(Items from a data source)

•••••

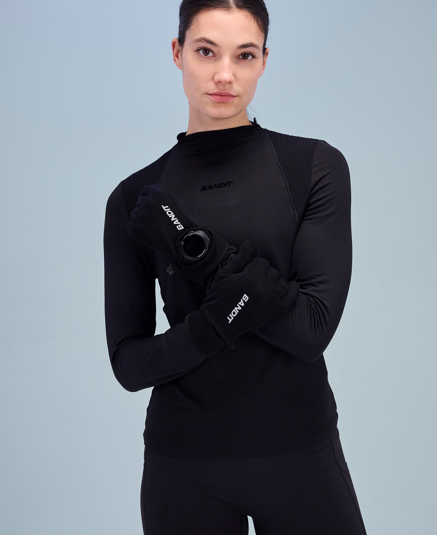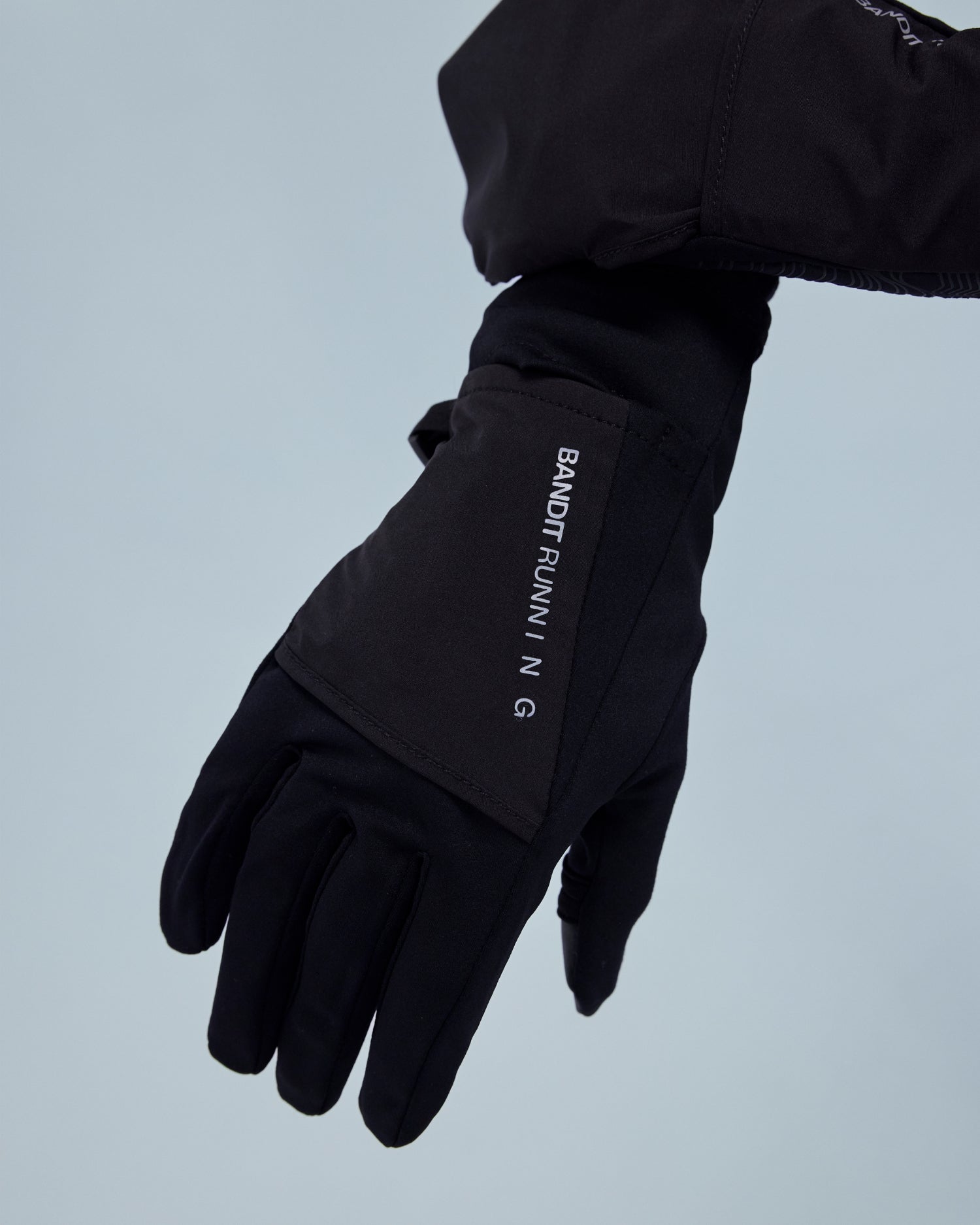 A fresh take on last year's performance gloves, now updated in a merino wool performance fabric. Silicone grip detail in seasonal custom pattern at the palm. Additionally touch screen friendly fabric at the thumb and fore fingers, with an added hatch opening for ease of accessibility, The watch window returns, making this the ultimate training glove. Reflective branding along front seam. Hem finished with elastic binding. Clip detail at side seam ensures this pair isn't easily separated.
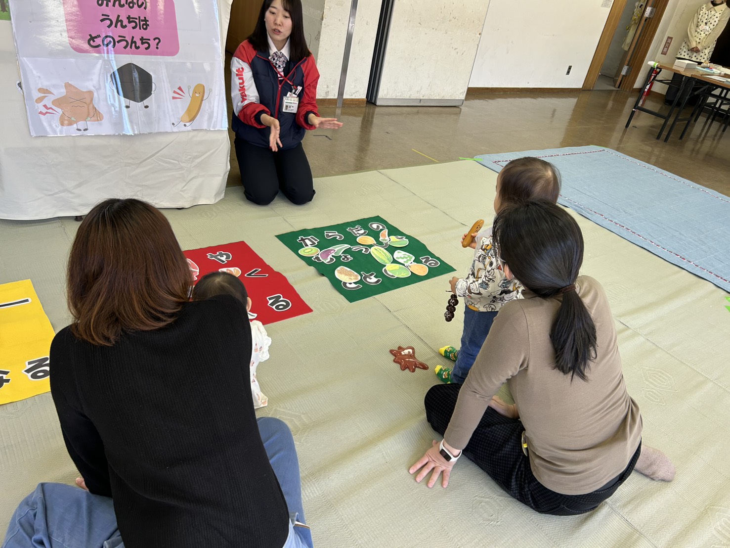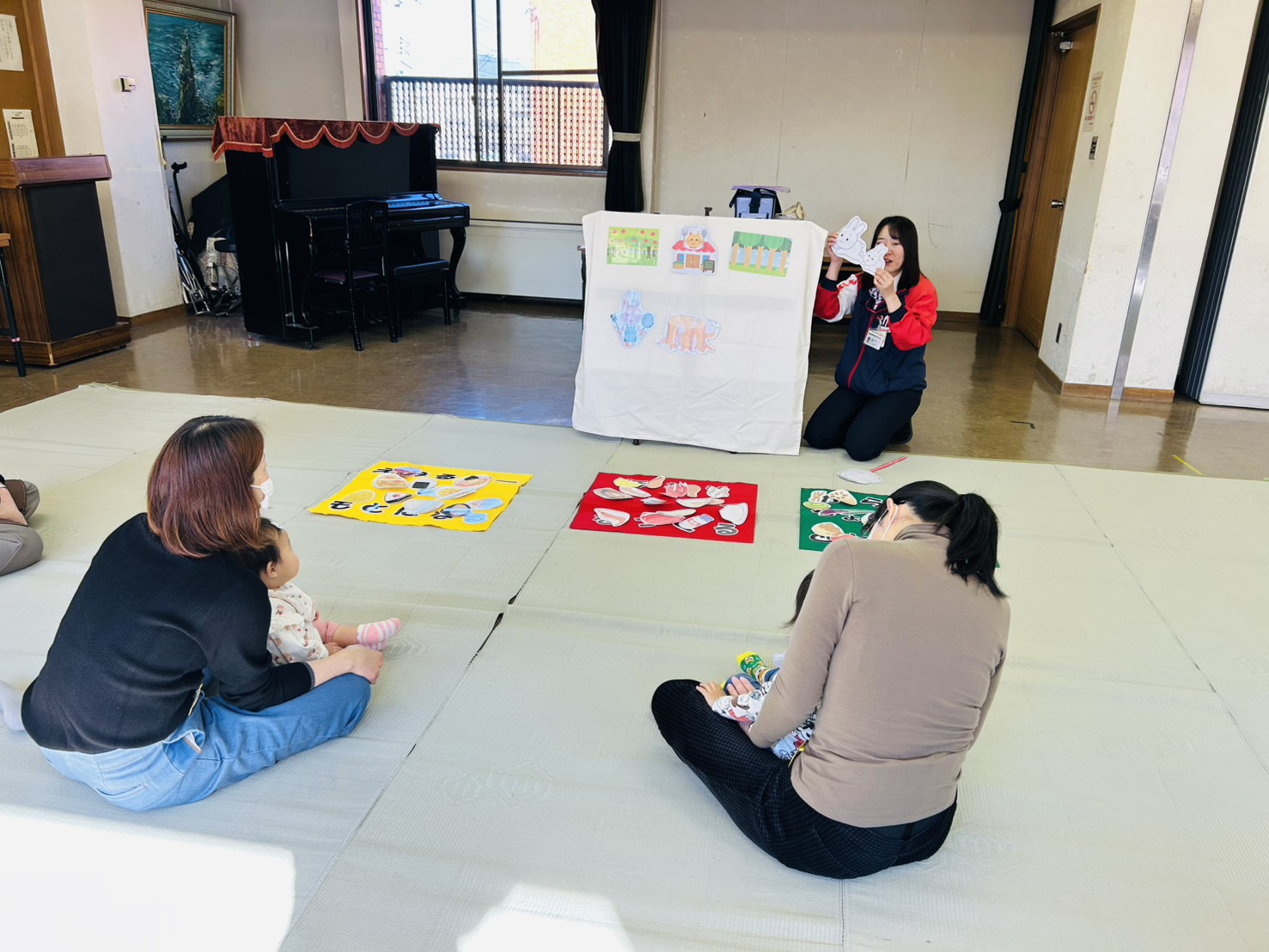 公民館の小さなお部屋です。自由遊びのあと、触れ合い遊びをする予定です。
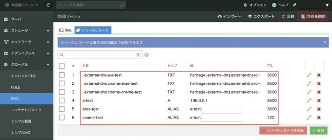 正常に適用された場合は、さくらのクラウドDNSのゾーン管理画面にA/CNAME/ALIASレコードと各レコードが ExternalDNSに管理されることを明示するTXTレコードが自動で追加されます。
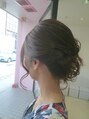 トップをスジ盛りにしてサイドに集めた毛束をカールを残しながらチラしました
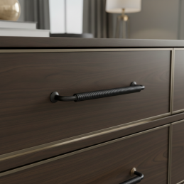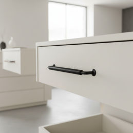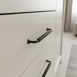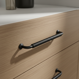 Der markante Möbelgriff STIGMA in der Ausführung schwarz matt besticht durch sein industrielles Design und den detailliert gearbeiteten, gerändelten Griff. Sein robustes Aussehen und die matte Oberfläche verleihen den Möbeln einen modernen, technischen Charakter, wodurch er ideal für Loft-, Industrie- und moderne Interieurs ist.

•••••

WHAT YOU WILL DO: Without the images, print all of the lines above exactly.

SOLUTION FOR THIS PROBLEM:
 A fresh take on last year's performance gloves, now updated in a merino wool performance fabric. Silicone grip detail in seasonal custom pattern at the palm. Additionally touch screen friendly fabric at the thumb and fore fingers, with an added hatch opening for ease of accessibility, The watch window returns, making this the ultimate training glove. Reflective branding along front seam. Hem finished with elastic binding. Clip detail at side seam ensures this pair isn't easily separated.
 公民館の小さなお部屋です。自由遊びのあと、触れ合い遊びをする予定です。
 正常に適用された場合は、さくらのクラウドDNSのゾーン管理画面にA/CNAME/ALIASレコードと各レコードが ExternalDNSに管理されることを明示するTXTレコードが自動で追加されます。
 トップをスジ盛りにしてサイドに集めた毛束をカールを残しながらチラしました
 Der markante Möbelgriff STIGMA in der Ausführung schwarz matt besticht durch sein industrielles Design und den detailliert gearbeiteten, gerändelten Griff. Sein robustes Aussehen und die matte Oberfläche verleihen den Möbeln einen modernen, technischen Charakter, wodurch er ideal für Loft-, Industrie- und moderne Interieurs ist.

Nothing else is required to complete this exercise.